##### DATA IN THIS EXERCISE
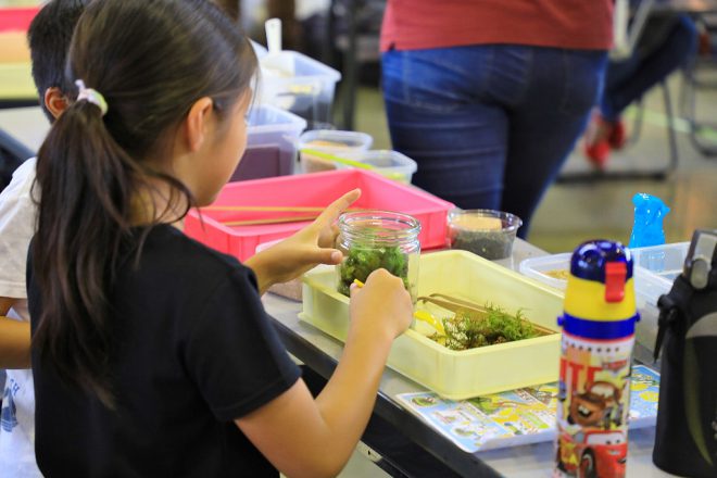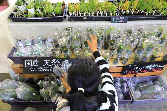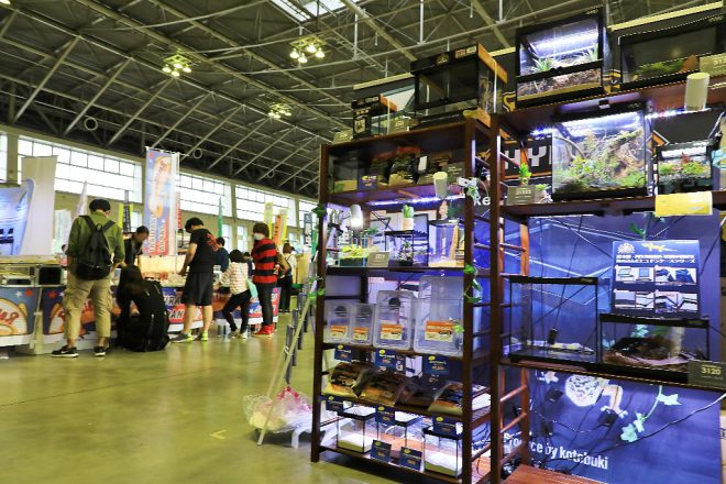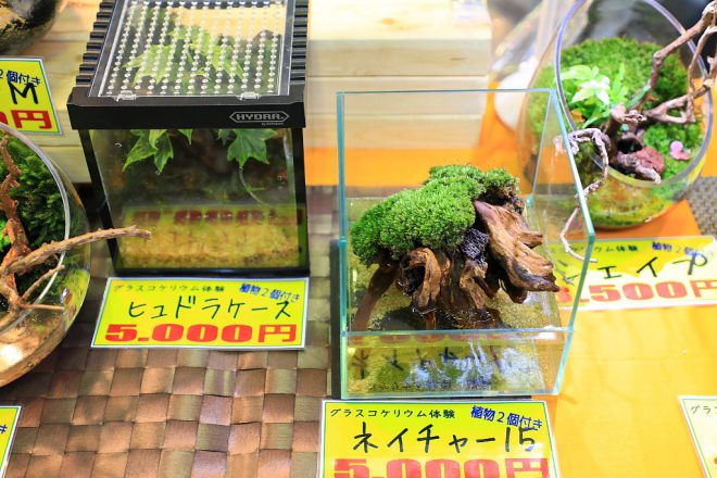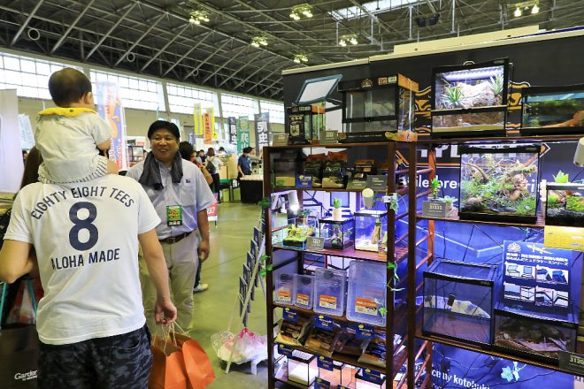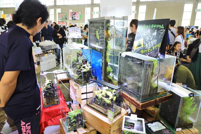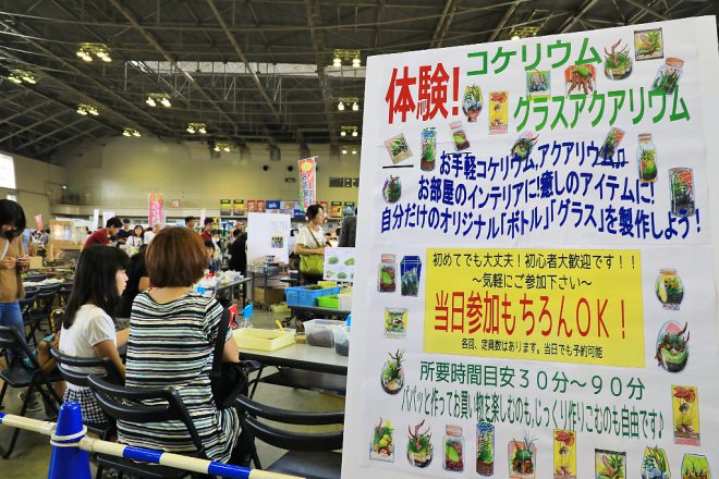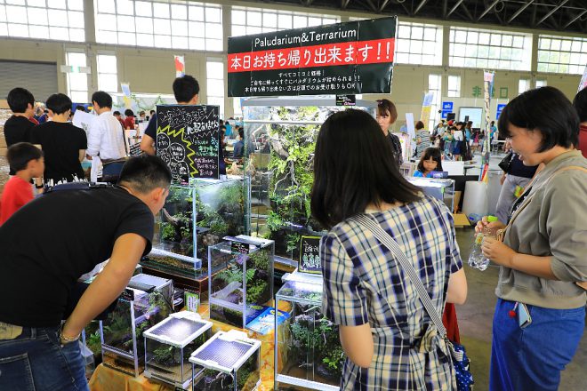 ブースのメインでは、水を使わないボトルコケリウム、水を入れて場合によっては小魚も使うグラスコケリウム、そして湿地の爬虫類生息地を再現するパルダリウムなど、各種ワークショップを開催。広さは十分。服部真一店長によると、「今回のテーマはずばりコケなんです。お客様にワークショップで体験していただくことで、コケリウムなどに関心を持っていただければ、と企画しました」。その思いはドンピシャで、つくったものをお持ち帰りできることもあって、どの時間帯も親子やカップルなどでにぎわっていました。
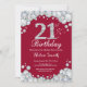 21. Geburtstag Burgund Red und Silver Diamond Einladung
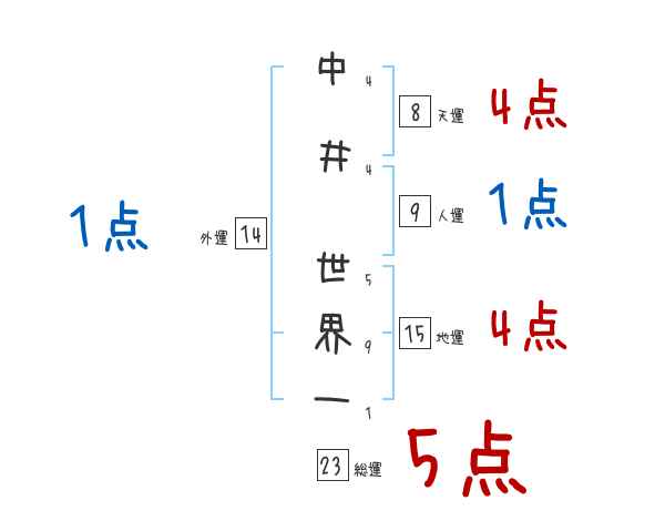 外運![]() | 中井世界一さんの外運は14画の1つ星!人に対して優しいがストレスを溜め込みがち。人間関係のトラブルを避けるよう気をつけましょう。 生活面を象徴する運勢です。外部から受ける影響力を表し、結婚運、家庭運や職場、環境への順応性を表します。 |
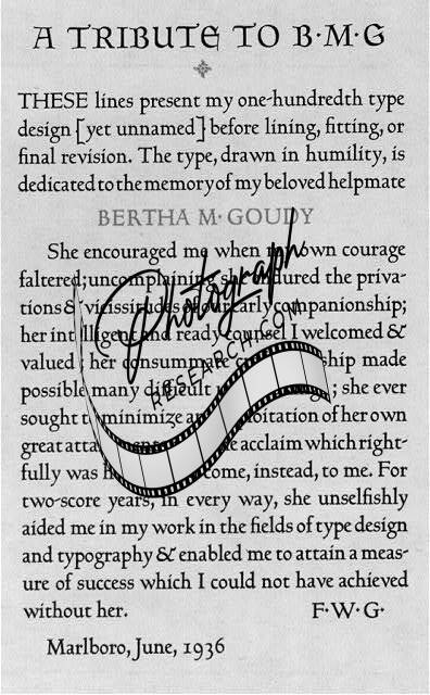 A tribute to B.M.G.,Frederick Goudy,Bertha M Goudy,Bertham,June 1936
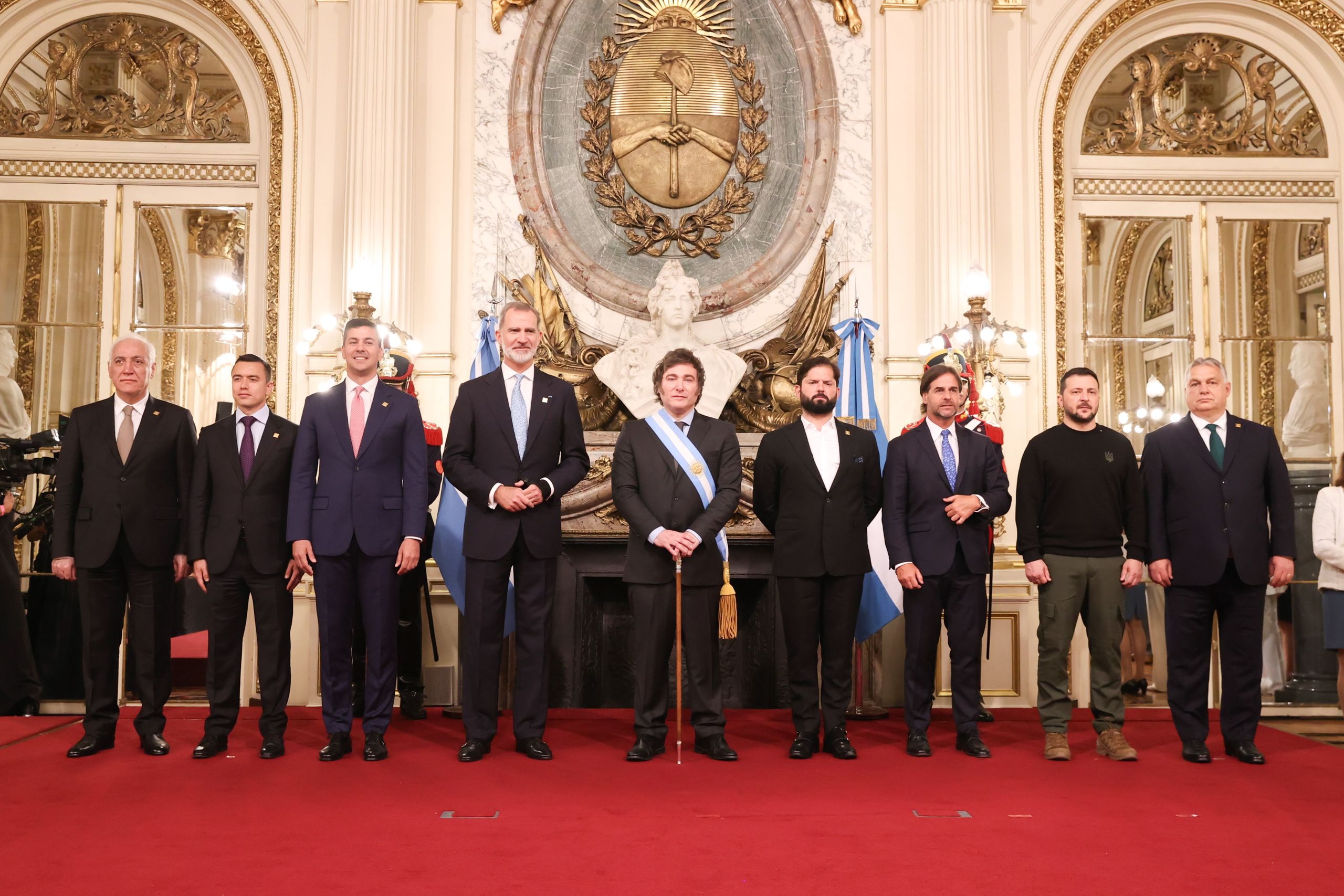 Javier Milei posa en la Casa Rosada tras su toma de posesión rodeado por mandatarios de varios países entre los que se encuentran el rey Felipe VI y Volodomir Zelenski.
##########
> _WORK REQUEST_: Return the records above verbatim, leaving out images.

> _SOLUTION TO THE PROBLEM_:
 ブースのメインでは、水を使わないボトルコケリウム、水を入れて場合によっては小魚も使うグラスコケリウム、そして湿地の爬虫類生息地を再現するパルダリウムなど、各種ワークショップを開催。広さは十分。服部真一店長によると、「今回のテーマはずばりコケなんです。お客様にワークショップで体験していただくことで、コケリウムなどに関心を持っていただければ、と企画しました」。その思いはドンピシャで、つくったものをお持ち帰りできることもあって、どの時間帯も親子やカップルなどでにぎわっていました。
 21. Geburtstag Burgund Red und Silver Diamond Einladung
 外運![]() | 中井世界一さんの外運は14画の1つ星!人に対して優しいがストレスを溜め込みがち。人間関係のトラブルを避けるよう気をつけましょう。 生活面を象徴する運勢です。外部から受ける影響力を表し、結婚運、家庭運や職場、環境への順応性を表します。 |
 A tribute to B.M.G.,Frederick Goudy,Bertha M Goudy,Bertham,June 1936
 Javier Milei posa en la Casa Rosada tras su toma de posesión rodeado por mandatarios de varios países entre los que se encuentran el rey Felipe VI y Volodomir Zelenski.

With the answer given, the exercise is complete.